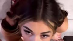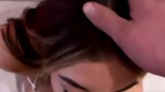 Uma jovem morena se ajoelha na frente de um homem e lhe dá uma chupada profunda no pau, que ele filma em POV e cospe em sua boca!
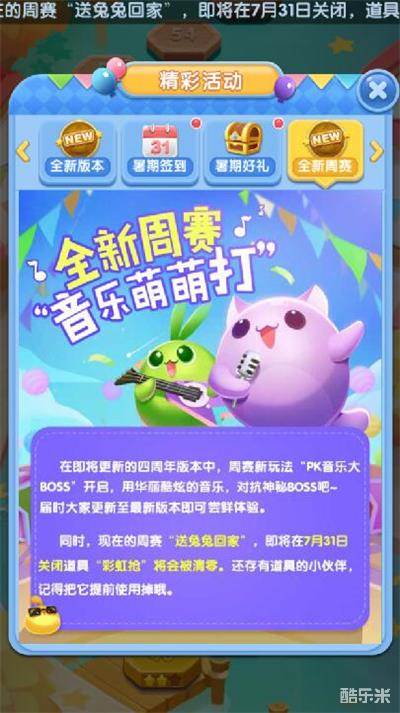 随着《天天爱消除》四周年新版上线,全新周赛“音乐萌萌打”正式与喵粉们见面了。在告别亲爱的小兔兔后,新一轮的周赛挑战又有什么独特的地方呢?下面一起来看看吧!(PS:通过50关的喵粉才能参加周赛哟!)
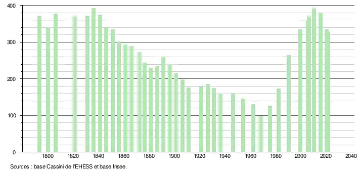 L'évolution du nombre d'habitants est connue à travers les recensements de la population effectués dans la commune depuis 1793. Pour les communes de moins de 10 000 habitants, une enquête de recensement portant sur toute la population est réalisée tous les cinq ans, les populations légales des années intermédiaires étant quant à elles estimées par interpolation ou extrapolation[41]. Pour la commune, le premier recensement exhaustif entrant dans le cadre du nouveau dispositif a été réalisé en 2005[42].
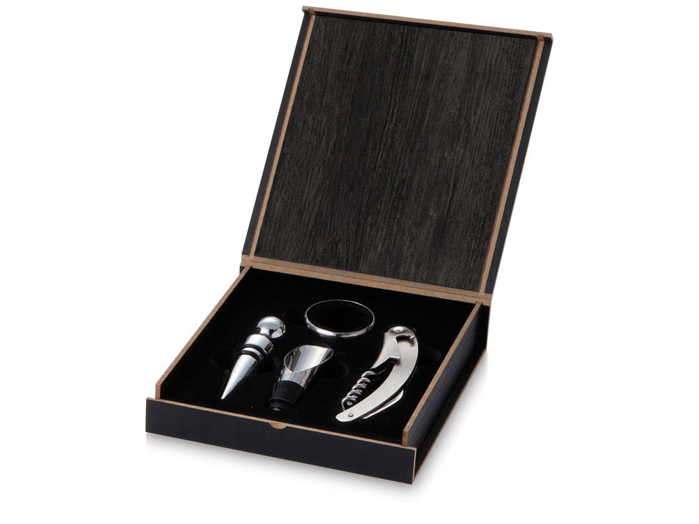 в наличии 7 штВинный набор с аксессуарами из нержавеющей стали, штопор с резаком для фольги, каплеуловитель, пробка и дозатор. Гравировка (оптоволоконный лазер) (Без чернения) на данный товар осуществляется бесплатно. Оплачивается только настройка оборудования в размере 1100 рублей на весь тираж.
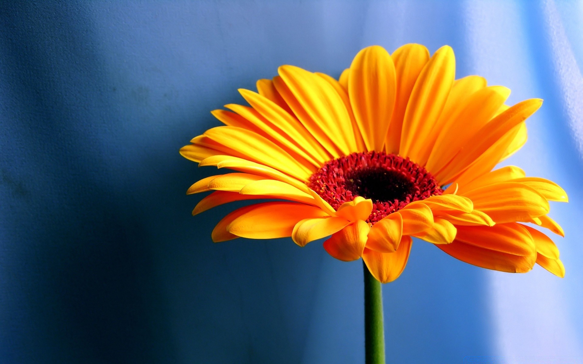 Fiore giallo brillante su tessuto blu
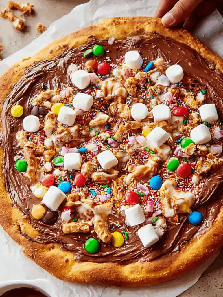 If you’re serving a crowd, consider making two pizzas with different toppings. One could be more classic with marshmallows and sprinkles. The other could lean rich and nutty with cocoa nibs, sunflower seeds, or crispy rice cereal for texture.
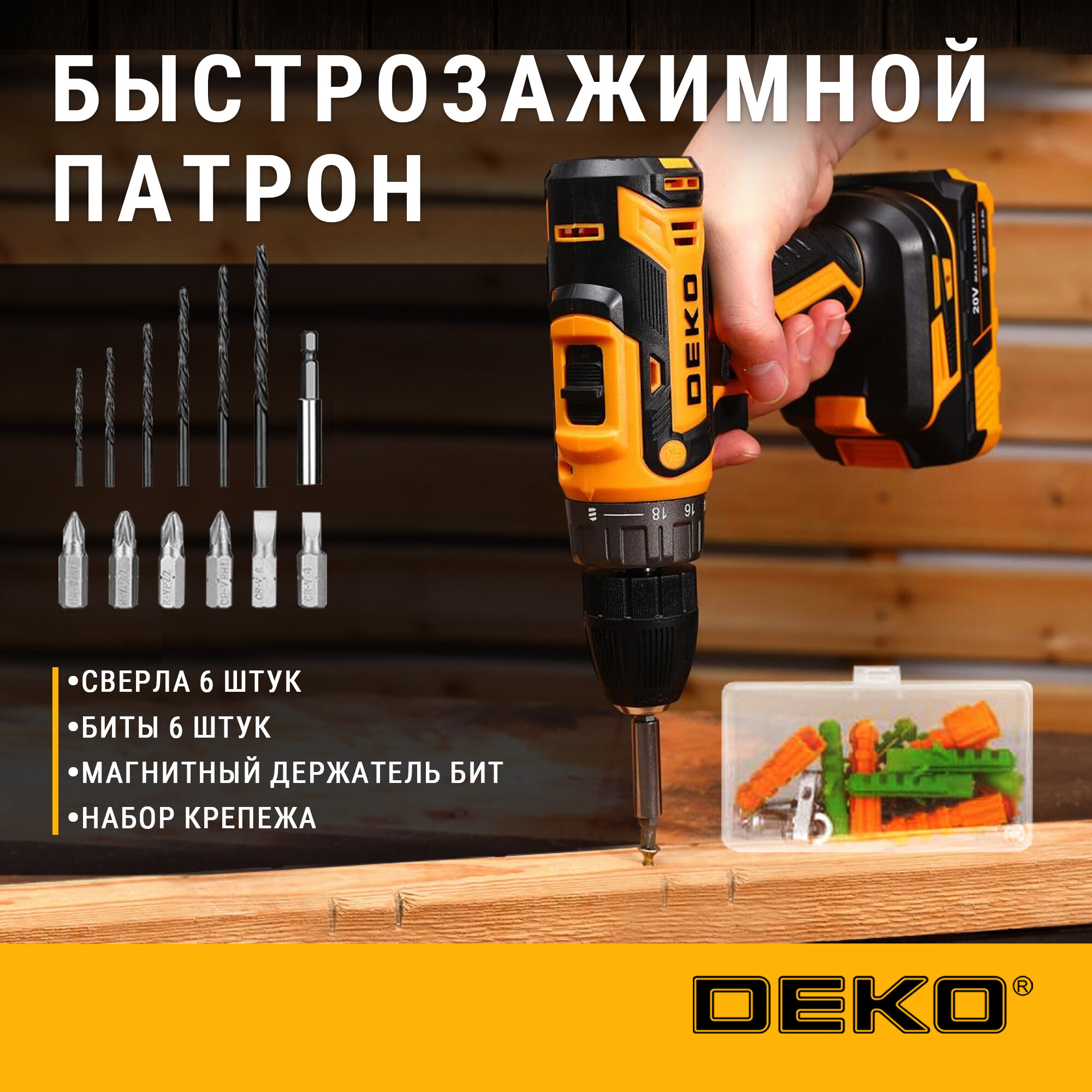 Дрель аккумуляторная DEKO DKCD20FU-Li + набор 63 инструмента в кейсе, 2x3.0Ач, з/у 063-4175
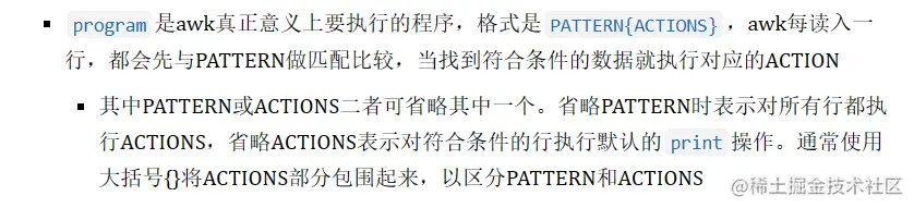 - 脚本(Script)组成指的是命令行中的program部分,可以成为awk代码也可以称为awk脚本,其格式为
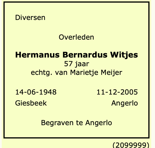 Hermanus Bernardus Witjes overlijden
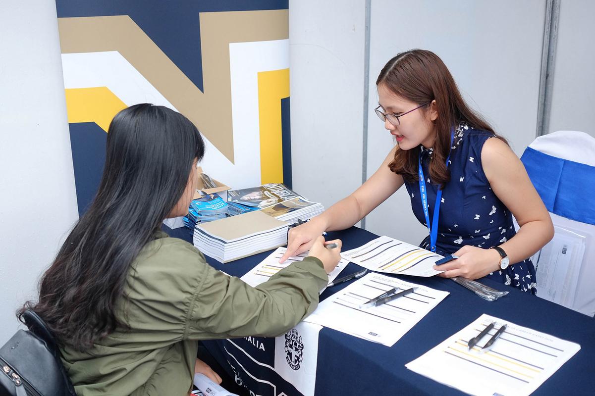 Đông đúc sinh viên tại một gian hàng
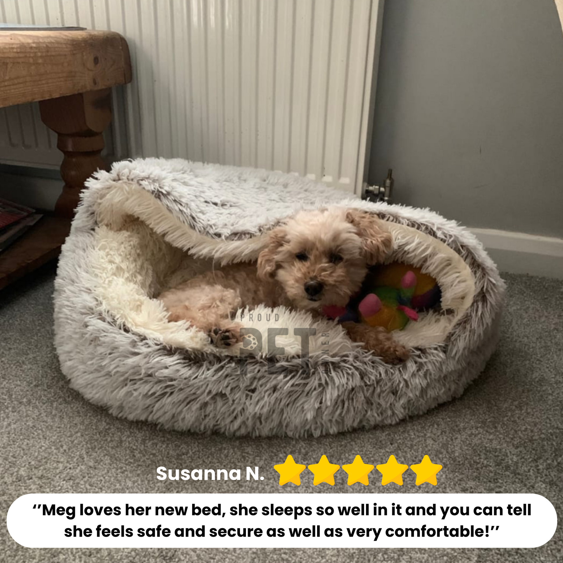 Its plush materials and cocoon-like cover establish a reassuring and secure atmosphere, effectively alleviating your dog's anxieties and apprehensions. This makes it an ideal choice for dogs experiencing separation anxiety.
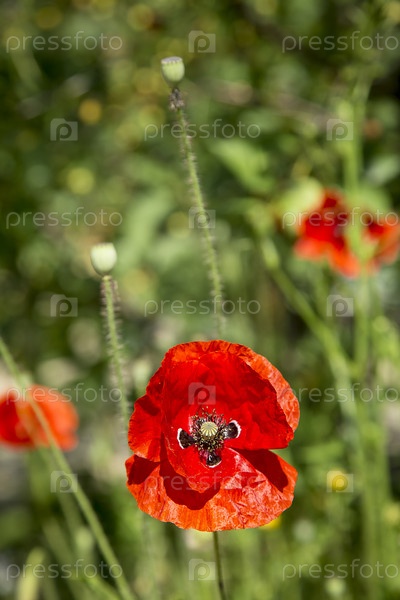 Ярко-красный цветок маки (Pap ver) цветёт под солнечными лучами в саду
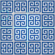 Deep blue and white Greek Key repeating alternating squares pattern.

+---+

• WHAT THE TASK ASKS
If an entry holds an image, omit that image and print the remainder exactly as it stands.

• RESPONSE
 Uma jovem morena se ajoelha na frente de um homem e lhe dá uma chupada profunda no pau, que ele filma em POV e cospe em sua boca!
 随着《天天爱消除》四周年新版上线,全新周赛“音乐萌萌打”正式与喵粉们见面了。在告别亲爱的小兔兔后,新一轮的周赛挑战又有什么独特的地方呢?下面一起来看看吧!(PS:通过50关的喵粉才能参加周赛哟!)
 L'évolution du nombre d'habitants est connue à travers les recensements de la population effectués dans la commune depuis 1793. Pour les communes de moins de 10 000 habitants, une enquête de recensement portant sur toute la population est réalisée tous les cinq ans, les populations légales des années intermédiaires étant quant à elles estimées par interpolation ou extrapolation[41]. Pour la commune, le premier recensement exhaustif entrant dans le cadre du nouveau dispositif a été réalisé en 2005[42].
 в наличии 7 штВинный набор с аксессуарами из нержавеющей стали, штопор с резаком для фольги, каплеуловитель, пробка и дозатор. Гравировка (оптоволоконный лазер) (Без чернения) на данный товар осуществляется бесплатно. Оплачивается только настройка оборудования в размере 1100 рублей на весь тираж.
 Fiore giallo brillante su tessuto blu
 If you’re serving a crowd, consider making two pizzas with different toppings. One could be more classic with marshmallows and sprinkles. The other could lean rich and nutty with cocoa nibs, sunflower seeds, or crispy rice cereal for texture.
 Дрель аккумуляторная DEKO DKCD20FU-Li + набор 63 инструмента в кейсе, 2x3.0Ач, з/у 063-4175
 - 脚本(Script)组成指的是命令行中的program部分,可以成为awk代码也可以称为awk脚本,其格式为
 Hermanus Bernardus Witjes overlijden
 Đông đúc sinh viên tại một gian hàng
 Its plush materials and cocoon-like cover establish a reassuring and secure atmosphere, effectively alleviating your dog's anxieties and apprehensions. This makes it an ideal choice for dogs experiencing separation anxiety.
 Ярко-красный цветок маки (Pap ver) цветёт под солнечными лучами в саду
 Deep blue and white Greek Key repeating alternating squares pattern.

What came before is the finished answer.